THE TASK: Nothing but the text of the listing, repeated exactly, belongs in the answer; leave the images out.

---- DATASET CONTENT

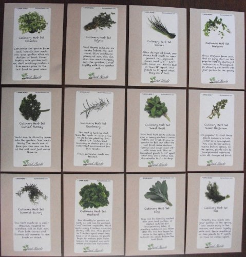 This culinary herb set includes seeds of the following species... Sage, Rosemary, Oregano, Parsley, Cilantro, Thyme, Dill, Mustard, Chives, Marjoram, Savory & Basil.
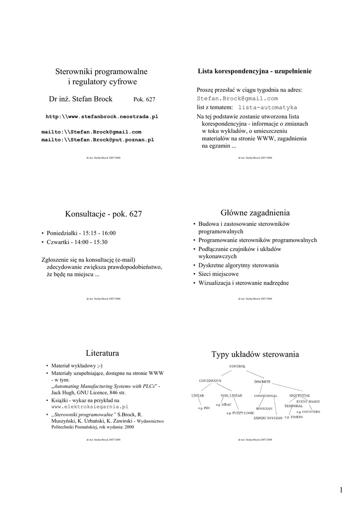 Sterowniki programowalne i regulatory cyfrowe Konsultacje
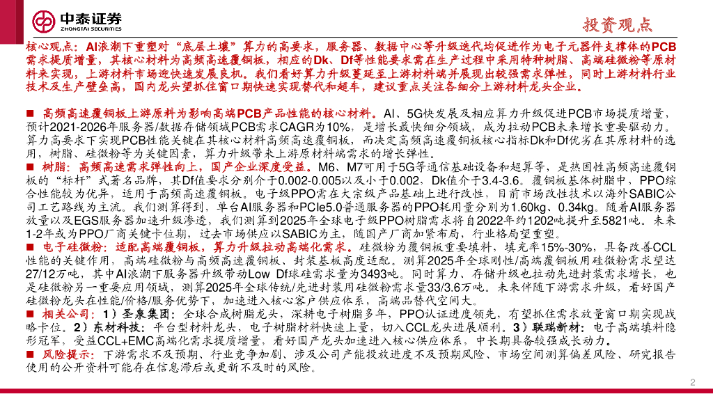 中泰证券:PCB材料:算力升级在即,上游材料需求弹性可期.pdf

--------

TASK SOLUTION:
 This culinary herb set includes seeds of the following species... Sage, Rosemary, Oregano, Parsley, Cilantro, Thyme, Dill, Mustard, Chives, Marjoram, Savory & Basil.
 Sterowniki programowalne i regulatory cyfrowe Konsultacje
 中泰证券:PCB材料:算力升级在即,上游材料需求弹性可期.pdf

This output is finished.